We enter into every new relationship hoping and expecting things to be better than last time. At the beginning it usually is, which makes us think that the previous partner just wasn’t the right one for us. Guess what? It won’t last! Nothing stays the same.
If you get over being frustrated or angry at the truth in this statement, you can start to truly see things for what they are. That is when true relating, with your true self and with the real person behind your fantastic, fabulous new boyfriend or girlfriend, starts.
Nothing stays the same
Everything is either in the process of growth or decay, nothing ever stays the same. Just look at nature: from the changes of day to night, the flowers blooming and wilting or the caterpillar developing into a butterfly. In wanting something to remain the way it was, we resist the natural flow of life. The same applies to relationship.
Welcome and accept change
There is no choice but to practice welcoming change. Just like you may welcome the rising sun of a new day or the sound of the raindrops on your rooftop, it starts with your attitude of acceptance. Neither the sun or the rain will actually mind whether you welcome them or resist them, so in the end it has only got to do with your state of well-being and acceptance of ‘what is’.
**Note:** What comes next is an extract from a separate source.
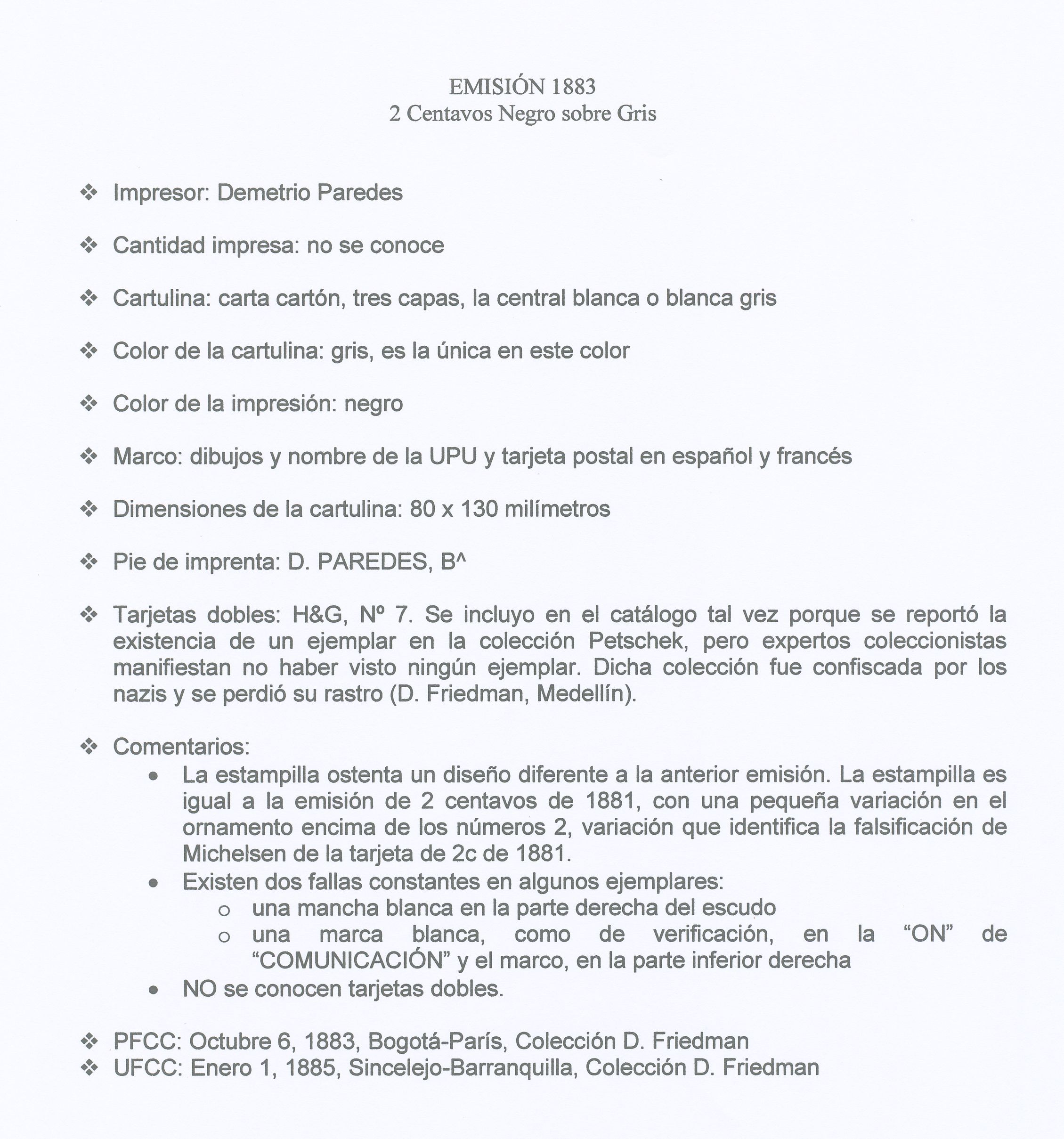 Esta emisión se realizó en la imprenta de Demetrio Paredes el año 1.883, siendo Presidente Rafael Núñez en su segundo mandato y un año antes del Levantamiento Liberal que puso fin a su mandato, alzamiento que tuvo lugar durante los años 1.884-5.-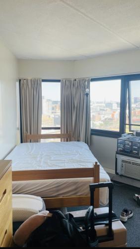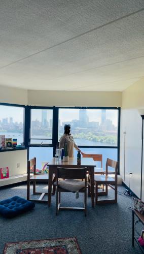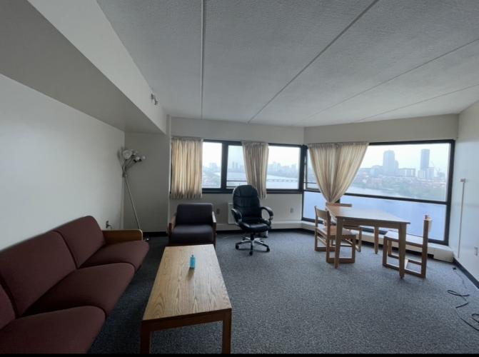 This 20th-floor 4-bed apartment has the best view possible of the river and the Boston skyline from the building (arguably from most of Cambridge) with a very spacious living room. You will most likely be one of two people in the apartment which is designed for 4 people. So there is plenty of space! The apartment has an installed air conditioner, a microwave, an air fryer, a humidifier, a TV, a speakers set and other appliances besides the Tang Hall provided fridge, oven, etc. I have upgraded my bed to a full-size mattress instead of the provided Twin mattress with sturdy bed extenders. My room is a corner room so it is significantly bigger than most other Tang Hall rooms.

Say to yourself: ‘this is the flow of life’. Accepting and learning to adapt to change is what growing is all about. In relationship we have a partner to grow with, to exchange our feelings with or share our challenges. If you find it difficult to accept change, you can be sure that you will have plenty of practice during your life-time.
Invitation to stay in the now
Our only chance is to pay attention to what is right now. Just like with nature, you can start enjoying everyday life in your relationship, embrace changes in yourself and your partner and adapt to new situations.
Obviously I’m talking about things like your partners habit of leaving his papers on the table or her way of having to have all the dishes clean before going to bed. There are some possible issues in a relationship that are not acceptable, for example abuse, which under no circumstances needs to be accepted.
Moving from the state of resistance to acceptance starts by making peace with the parts within you that resist. Being human means that you will have feelings of resistance – start by accepting them. That is your first step toward moving to acceptance.